- TASK GOAL
In the records below, find the line containing "ELITE Vac Release Pole" and print it and every line after it exactly, through the end. Skip pictures.

- EXTRACTED INFORMATION
◆ ◆ ◆ ◆

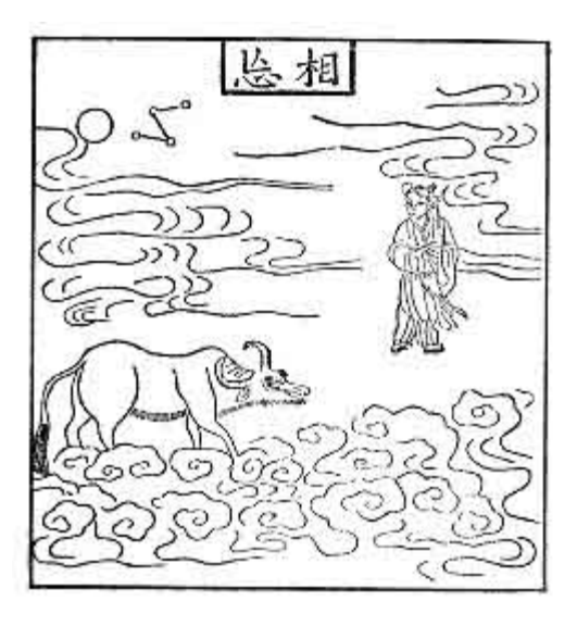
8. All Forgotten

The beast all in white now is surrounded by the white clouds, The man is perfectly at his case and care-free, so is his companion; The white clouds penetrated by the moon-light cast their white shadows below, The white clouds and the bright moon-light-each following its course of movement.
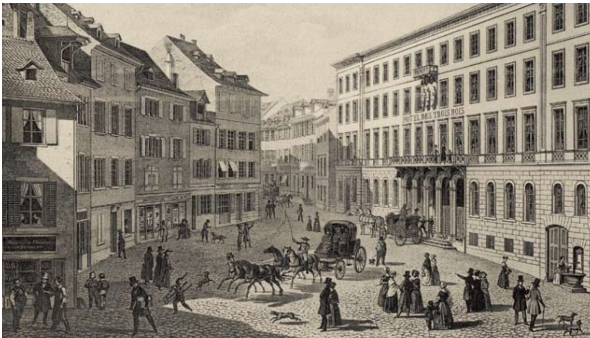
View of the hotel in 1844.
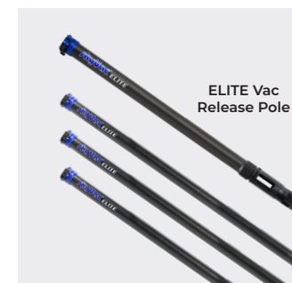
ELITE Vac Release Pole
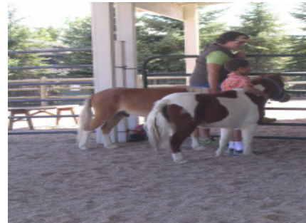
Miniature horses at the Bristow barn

◆ ◆ ◆ ◆

- SOLUTION TO THIS EXERCISE
ELITE Vac Release Pole
Miniature horses at the Bristow barn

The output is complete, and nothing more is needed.